Monday, November 14, 2011

Day 56: Don't Call Me Sick

      Striped sweater, tribal maxi skirt, silver earrings, nude sandals.
      My ears are ringing, my limbs are aching, I'm pretty sure I'm about to vomit... It can be one of two things:  Sickness, or stress.
      Well, I have an immunity system of a God so I don't think I'm sick quite yet, its definitely the stress.
      The problem with stress is that its so common that you don't get any attention for it.  Wow, that sounds conceited, let me explain that.  As a junior in high school, I'm surrounded by hundreds of stressed out teens.  Its so normal to be stressed out that no one comes to your rescue when you are, because so many other students are managing it as well.  Okay, still a little narcissistic of me, but at least I admit it.
      If it were sickness, well then I would be taking it much more easy then I am now.  I have too much to do to slow down.

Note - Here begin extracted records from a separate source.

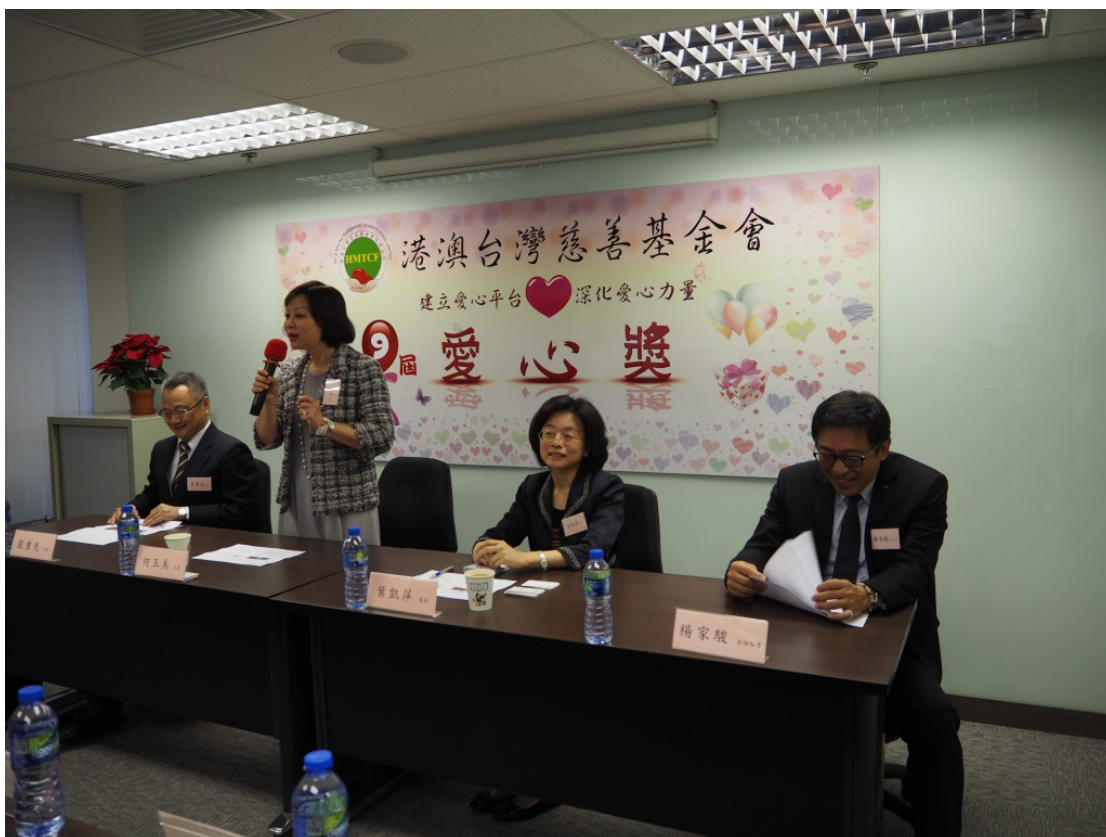
拜會港澳慈善基金會
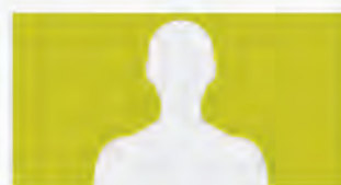
Et pourquoi pas vous ! Vous êtes peut-être le prochain #GOHEROES !

SUIVEZ NOS #GOHEROES ET PARTAGEZ VOS CONTENUS AVEC LE HASHTAG SUR LES RESEAUX SOCIAUX :
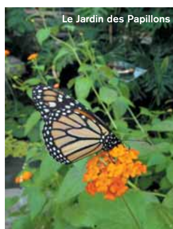
Le Jardin des Papillons
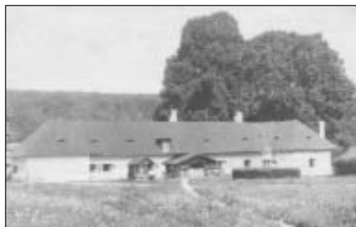
Kulháňsky hospodársky dvor

je odvodený od staronemeckého hovorového výrazu kriesen vo význame opustený, pustý či osamote stojaci. To isté platí o Šiancoch v susednom chotári. Vznikli z nemeckého slova die Schanze , Schanzen = hradba, hradby, hradisko, valy, resp. opevnená plocha. A rovnako tak tomu bolo aj u ďalších chotárnych názvov, z nich mnohé postupom času zanikli.
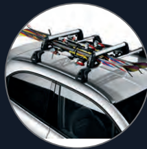
Pack Loisirs Hiver (1) (bac de coffre, barres de toit transversales, porte-skis) 71807442 289 €*
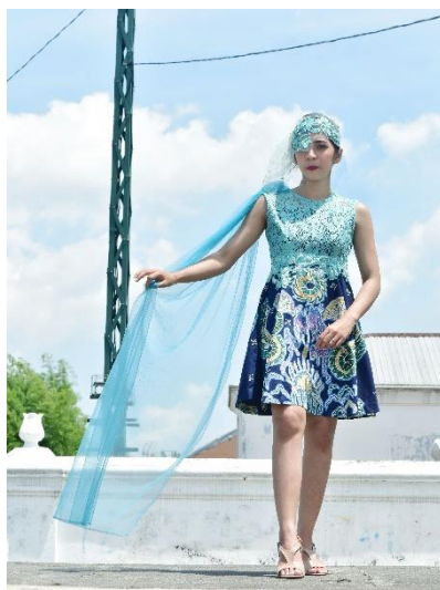
Gambar 6. Segar of Mandalika

Penulis dalam penciptaan Tugas Akhir ini mengambil inspirasi dari Legenda Nyale , salah satu heritage Lombok yang menurut kepercayaan merupakan jelmaan Putri Mandalika . Inspirasi yang diambil dalam pembuatan karya lebih kepada bentuk Nyale yang divisualisasikan ke dalam motif batik Sawat Mandalika yang diwujudkan dalam busana Cocktail . Motif batik Sawat Mandalika adalah penciptaan motif dengan sumber ide yang berasal dari Legenda Nyale dan Semen Sawat atau sayap. Terdapat delapan rancangan yang semuanya berupa busana Cocktail dengan rok siluet A-Line dan I-Line dengan paduan warna yang bervariasi.
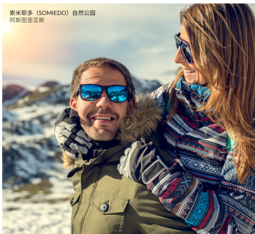
索米耶多（SOMIEDO）自然公园 阿斯图里亚斯
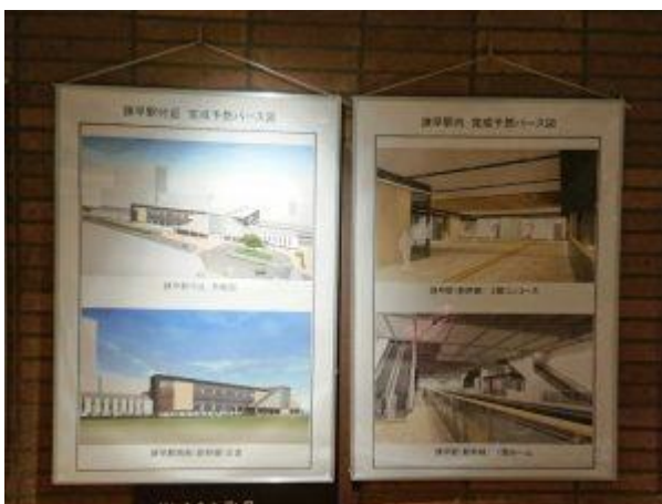
諫早駅完成予想パース図パネル
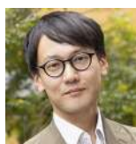
齋藤幸平 東京大学大学院 総合文化研究科 准教授
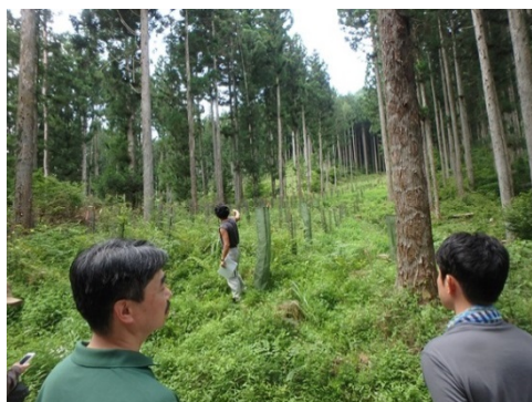
带状間伐の実施状況(根羽村)
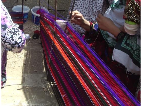
Fotoğraf 15-16: Mama ve tecrübeli kadınlar dokuma iplerinin renk ve sayısını takip ediyor

Dastarhan iki kat ipliklerin dokunmasıyla oluşur. Bu nedenle iplikler demir kazıkların etrafından tezgâha yerleştirilmesi amacıyla iki kat üst üste gelecek şekilde hazırlanır ve bir kadın iplerin doğru sırada ve sayıda olup olmadığını kontrol eder (Bk. Fotoğraf 17-18)
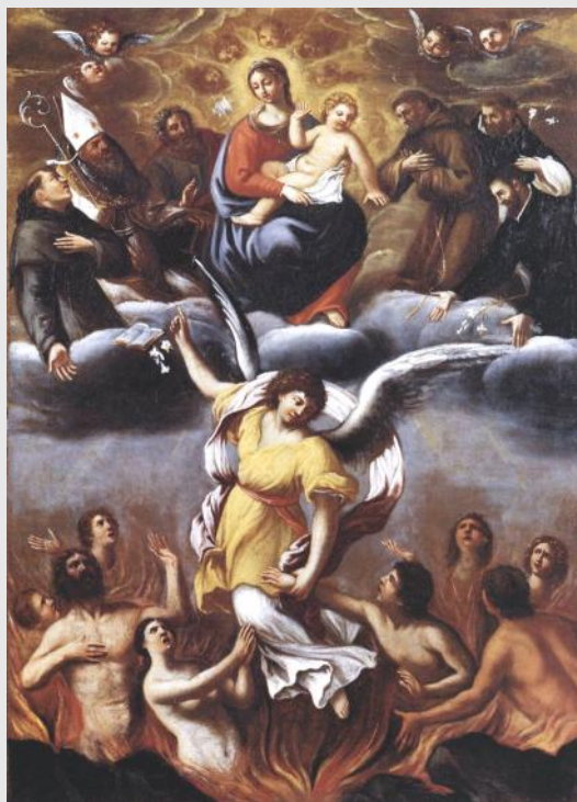
Ludovic Carrache, Un ange délivre les âmes du Purgatoire , vers 1610, Pinacothèque Vaticane
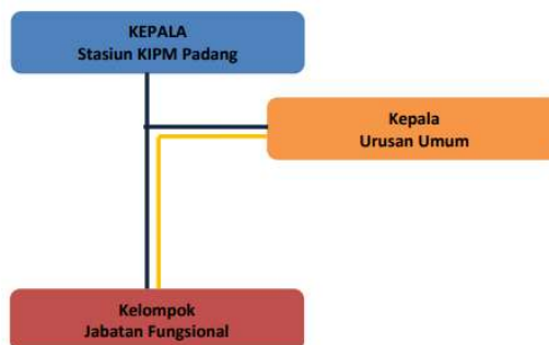
Gambar 1. Struktur Organisasi SKIPM Pangkalpinang

Struktur ini memastikan penyelenggaraan layanan publik yang profesional, responsif, dan akuntabel sesuai dengan standar kementerian guna menjamin mutu hasil perikanan di wilayah Provinsi Kepulauan Bangka Belitung.
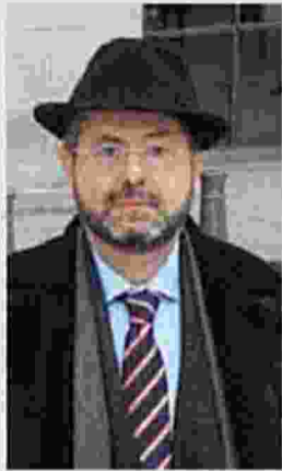
Στον Σαράκη η υπόθεση

Το σκάνδαλο της Novartis, το οποίο προσλαμβάνει πλέον απρόβλεπτες πολιτικές διαστάσεις, θα αρχίσει να ξετυλίγεται στη χώρα μας από την Εισαγγελία Διαφθοράς μετά την παρέμβαση της εισαγγελέως του Αρείου Πάγου Ξένης Δημητρίου, με εντολή του υπουργού Δικαιοσύνης, Σταύρου Κοντονή. Θεωρείται, όμως, απολύτως βέβαιο ότι σε σχέση με τα στοιχεία που υπάρχουν για τα πολιτικά πρόσωπα θα ενημερωθεί σε ανώτατο επίπεδο η κυβέρνηση από τους παράγοντες πέραν του Ατλαντικού, οι οποίοι ερευνούν την υπόθεση και θα παραδώσουν τον κατάλογο των πο-
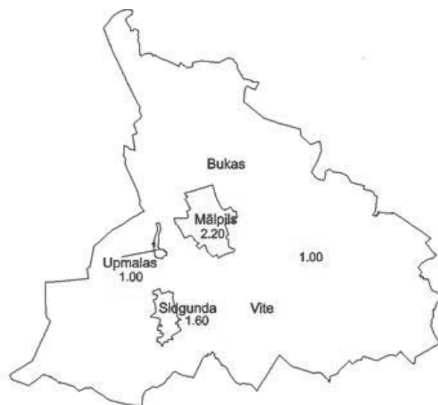
Mālpils novada dzīvojamo māju apbūves vērtību zonas 2014. gadam, individuālās apbūves zemes bāzes vērtības Ls/m 2

Kaut arī kādā teritorijā vai īpašumu grupā bāzes vērtības nav mainījušas, tomēr kadastrālās vērtības var mainīties, ja notikušas izmaiņas objektu datos (piemēram, pašvaldība mainījusi zemes lietošanas mērķi, reģistrēti jauni apgrūtinājumi). Ja Kadastra informācijas sistēmā reģistrētie dati neatbilst īpašuma patiesajam stāvoklim dabā, tad īpašnieku pienākums ir ierosināt datu aktualizāciju, ko paredz Nekustamā īpašuma valsts kadastra likuma 13. pants.
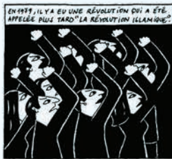
PERSEPOLIS MARJANE SATRAPI
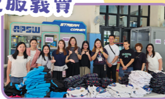
家長義工們已準備好校服義賣活動了
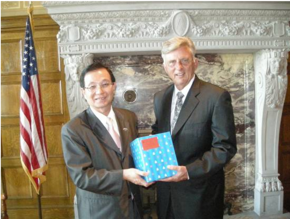
100年8月30日吳部長與阿肯色州 Mike Beebe 州長會談後互贈禮物
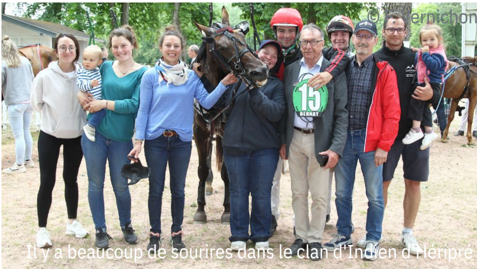
Il y a beaucoup de sourires dans le clan d'Indien d'Hériprié

      I don't like to admit to being sick when I actually am.  I very much admit it on the weekends and holidays, but most certainly never on the weekdays.  This is partically because I don't want to miss school, but it is also because of my past experiences with staying home...
      When I was in the fourth grade, I got the flu and had to stay home from school for two whole weeks.  I got to do whatever I wanted in those two weeks.  I would lay in my parents bed all day while watching Spongebob Squarepants and eating waffles.  After that year, things were different. 
      Whenever I would want to stay home from school, my parents would ask me if I was absolutely sure, and if I responded yes, then they would say, "Alright, do what you have to do then."  That automatically makes me feel guilty of course!  I'm not going to want to stay home if it sounds like there will be consequences.  Of course the scewed meaning of their words was all in my head, and I'm sure my parents didn't mean for it to sound that way.  However, it did.
      If I then chose that it was absolutely essential for my well-being to stay at home, I would be told to put my phone and computer in the kitchen, go into my room, shut my blinds, and go to bed.  Okay, I know that in context, that is the healthy thing to do, but when my sister comes home and asks what I did at home all day, and she responds with, "Really?  Cause ya know when I stay home sick, Mom lets me watch TV all day!", I feel cheated (Not to mention I despise when people tell me to put MY property in THEIR possession.  I love my phone, and although my parents pay the bill, its one of the few things I can call mine).  It's probably because shes the favorite child.
      I'm just kidding, Susan and Gary don't choose favorites...  ha...
      I'm sure now you can't blame me for my anxiety about getting sick, which I can actually make myself be if I get too stressed out.  Its like a magic trick.  Gary told me I was going to give myself an aneurysm if I keep stressing out like I do.  We cant let that happen, aneurysm means surgery, and surgery means missing school, and you know what that would mean for me...
      My mother is going to get mad at me for this post, because she actually is wonderful when I'm sick and would do anything to make me feel better, but I read in between the lines and focus on me...  Narcissist.